(Available records begins)

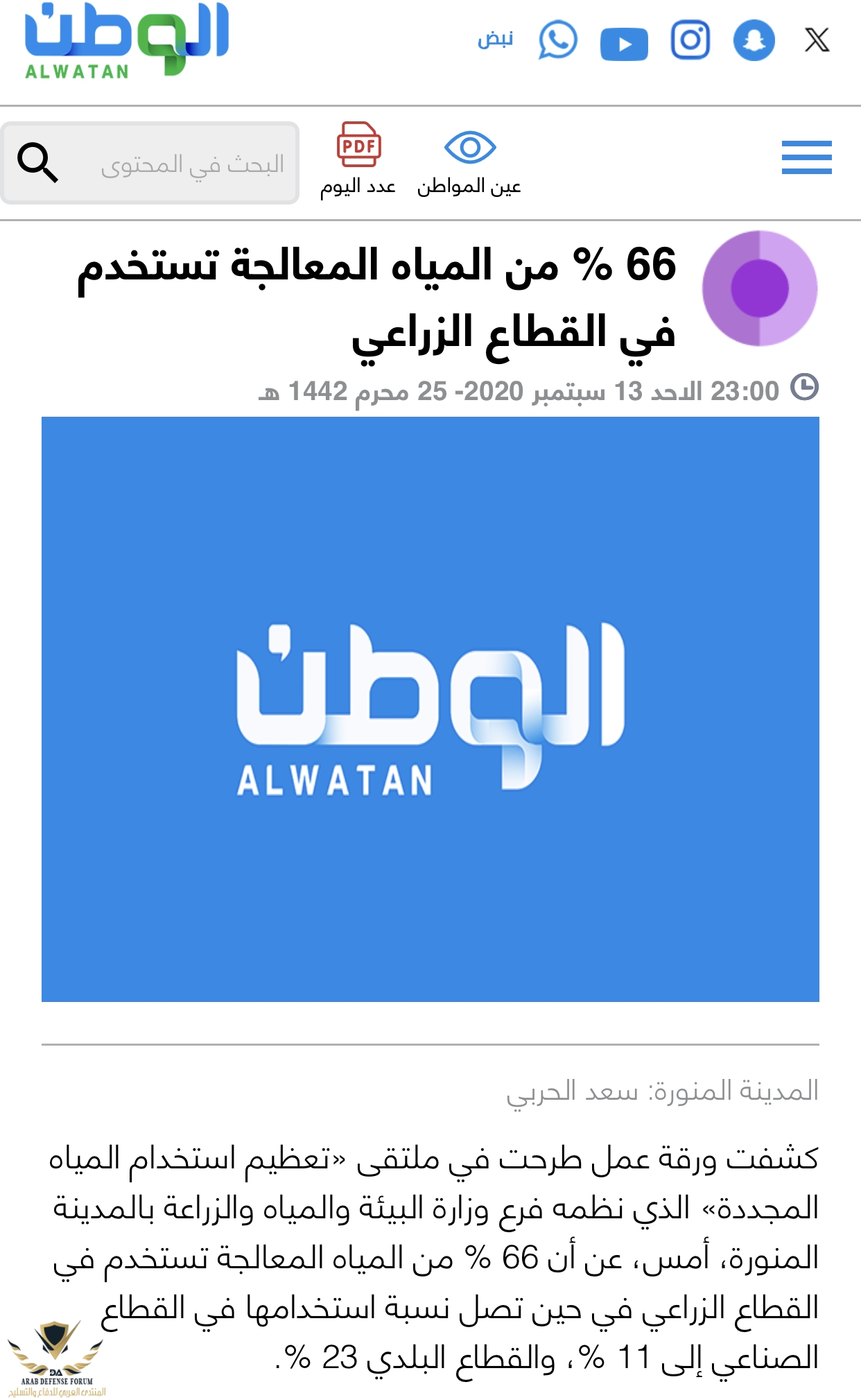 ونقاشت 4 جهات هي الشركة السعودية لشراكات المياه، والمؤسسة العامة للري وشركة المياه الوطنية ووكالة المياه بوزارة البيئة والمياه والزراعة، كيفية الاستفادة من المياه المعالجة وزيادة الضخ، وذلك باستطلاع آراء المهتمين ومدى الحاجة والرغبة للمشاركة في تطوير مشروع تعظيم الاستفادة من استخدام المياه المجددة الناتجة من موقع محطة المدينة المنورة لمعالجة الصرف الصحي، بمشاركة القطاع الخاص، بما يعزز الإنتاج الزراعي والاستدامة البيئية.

(Available records ends)
(Available records begins)

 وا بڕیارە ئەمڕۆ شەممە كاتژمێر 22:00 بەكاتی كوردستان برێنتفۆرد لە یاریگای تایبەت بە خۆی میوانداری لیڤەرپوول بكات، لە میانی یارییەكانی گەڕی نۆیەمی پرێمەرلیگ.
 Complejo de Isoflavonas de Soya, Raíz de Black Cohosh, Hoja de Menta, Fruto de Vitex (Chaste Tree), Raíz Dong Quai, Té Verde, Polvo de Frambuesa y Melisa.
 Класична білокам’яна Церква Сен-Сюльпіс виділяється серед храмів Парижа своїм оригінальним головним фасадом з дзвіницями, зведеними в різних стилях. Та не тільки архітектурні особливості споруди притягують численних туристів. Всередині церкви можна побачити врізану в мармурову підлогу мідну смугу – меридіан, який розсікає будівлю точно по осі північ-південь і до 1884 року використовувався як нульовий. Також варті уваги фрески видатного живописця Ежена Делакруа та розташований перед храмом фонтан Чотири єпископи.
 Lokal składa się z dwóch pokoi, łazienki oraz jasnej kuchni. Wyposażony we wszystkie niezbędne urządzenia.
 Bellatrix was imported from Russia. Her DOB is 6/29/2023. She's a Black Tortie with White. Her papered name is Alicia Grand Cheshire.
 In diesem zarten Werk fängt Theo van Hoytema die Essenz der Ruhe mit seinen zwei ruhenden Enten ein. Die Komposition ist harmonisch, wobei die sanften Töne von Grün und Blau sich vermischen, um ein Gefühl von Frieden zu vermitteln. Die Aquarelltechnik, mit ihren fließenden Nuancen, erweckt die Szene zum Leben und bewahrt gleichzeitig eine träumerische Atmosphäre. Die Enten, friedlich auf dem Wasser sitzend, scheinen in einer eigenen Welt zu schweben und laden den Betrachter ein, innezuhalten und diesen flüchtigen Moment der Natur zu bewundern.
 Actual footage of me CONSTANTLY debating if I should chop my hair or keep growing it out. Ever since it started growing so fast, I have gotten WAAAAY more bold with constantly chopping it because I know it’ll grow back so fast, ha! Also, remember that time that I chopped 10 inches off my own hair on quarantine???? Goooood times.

(Available records ends)
(Available records begins)

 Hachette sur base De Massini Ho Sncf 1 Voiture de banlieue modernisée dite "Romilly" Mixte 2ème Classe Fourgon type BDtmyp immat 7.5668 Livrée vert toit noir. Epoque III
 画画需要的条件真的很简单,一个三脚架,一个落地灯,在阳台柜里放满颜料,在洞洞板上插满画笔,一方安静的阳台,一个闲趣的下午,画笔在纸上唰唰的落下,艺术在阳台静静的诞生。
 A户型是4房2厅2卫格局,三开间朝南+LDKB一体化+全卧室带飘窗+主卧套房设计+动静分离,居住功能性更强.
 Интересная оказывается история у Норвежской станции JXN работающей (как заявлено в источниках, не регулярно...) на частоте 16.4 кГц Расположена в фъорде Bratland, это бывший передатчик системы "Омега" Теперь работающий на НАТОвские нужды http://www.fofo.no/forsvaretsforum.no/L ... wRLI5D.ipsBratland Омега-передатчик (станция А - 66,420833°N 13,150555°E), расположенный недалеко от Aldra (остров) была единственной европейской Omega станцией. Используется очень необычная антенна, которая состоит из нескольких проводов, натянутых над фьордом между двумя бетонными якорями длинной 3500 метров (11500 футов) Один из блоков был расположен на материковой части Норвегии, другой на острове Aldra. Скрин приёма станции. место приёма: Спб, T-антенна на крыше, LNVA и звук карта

(Available records ends)

Aim of the task
Scan the material above for the word "Black". Copy each line where it occurs.

Response for this exercise
 Complejo de Isoflavonas de Soya, Raíz de Black Cohosh, Hoja de Menta, Fruto de Vitex (Chaste Tree), Raíz Dong Quai, Té Verde, Polvo de Frambuesa y Melisa.
 Bellatrix was imported from Russia. Her DOB is 6/29/2023. She's a Black Tortie with White. Her papered name is Alicia Grand Cheshire.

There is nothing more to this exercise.